Stolica Północnego Ryuzaku. Położone w niecce pomiędzy wzgórzami, dobrze prosperujące miasteczko, przed rozpadem Sogen stanowiło centralny punkt między dwoma największymi szlakami przecinającymi prowincję Sogen - jednym prowadzącym ku Shi no Geto oraz Murowi i drugim, prowadzącym na południe prosto ku bogatemu Ryuzaku no Taki.
Idąc do domu Yumiko zobaczyła szyld sklepu. Przystanęła na chwilę, oglądając sprzęt przez witrynę. Czy czegoś potrzebowała? Jak się okazało podczas ostatnich misji, braków w swojej torbie miała wiele, dlatego też niewiele myśląc, ruszyła po schodkach. Pchnęła drzwi, spodziewając się dzwoneczka, którego jednak nie było. Pomieszczenie było ogromne, witryny pełne sprzętu, o którym czarnowłosa na ten moment mogła tylko pomarzyć. Oglądała wszystko dokładnie, przy ostrzach przystanęła, a jej oczy błyszczały. Katana może i była dla niej za długa, ale Tanto... te ostrze wydawało się być idealne. Kiedyś po nie wróci. Będzie pracowała ciężej, będzie wykonywać jeszcze więcej misji, by móc je kupić. Tymczasem skierowała się do sprzedawcy, by kupić to, co na ten moment było dla niej priorytetem- Dzień dobry, czy mogłabym prosić...
Ukryty tekst
Po zakończonych zakupach Yumiko pożegnała się ze sprzedawcą i wyszła przed budynek. Bez namysłu ruszyła w stronę domu, miała bowiem nadzieję, że tym razem nic nie stanie jej na przeszkodzie... Mokre ciuchy w końcu dawały się we znaki, nawet nie pomagał płaszcz, który miał chronić ją przed zimnem...

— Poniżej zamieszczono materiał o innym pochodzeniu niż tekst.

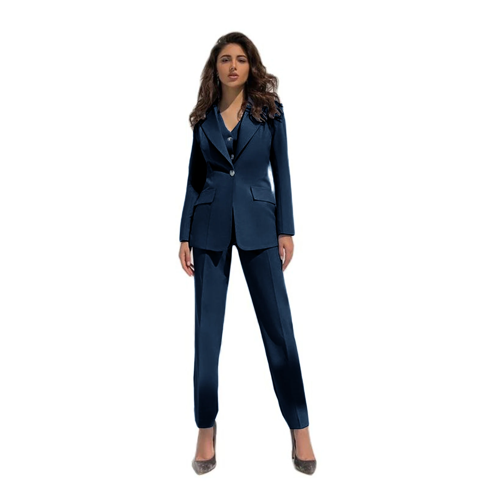 The Sky Blue Women’s Business Pants Suit, comprising a blazer, vest, and pants, seamlessly blends sophistication with contemporary flair, making it an indispensable addition to any wardrobe.

Yumiko nieco wolniej dotarła do osady, była zmęczona, ale czas działał na jej niekorzyść. Musiała zajść do sklepu, po przedmioty, które ostatnim razem nie znalazły się na jej liście. Z każdą chwilą dziewczyna uświadamiała sobie jak wielu rzeczy potrzebuje. Jak nie brakowało jej broni, to innym razem zapominała o bardzo przyziemnych rzeczach. Wiedziała, że w końcu będzie musiała wydać swój budżet, ale rozdrabianie się na małe zakupy było po prostu upierdliwe. Następnym razem gdy tutaj wróci wyposaży się dokładniej. Teraz musiała zrobić trening, a brakowało jej zwyczajnie do tego narzędzi. Wchodząc do pomieszczenia przywitała się ze sprzedawcą, przedstawiając przy tym swoją listę zakupów. Była ona krótka i precyzyjna, a wszystko szło sprawnie. Czarnowłosa wyciągnęła pieniądze po czym zapłaciła za zakupy. Pożegnała się i wyszła z budynku ruszając w dalszą drogę. Musiała zajść do domu, potrzebowała się skupić, a tam czuła się bezpiecznie. Czas wracać.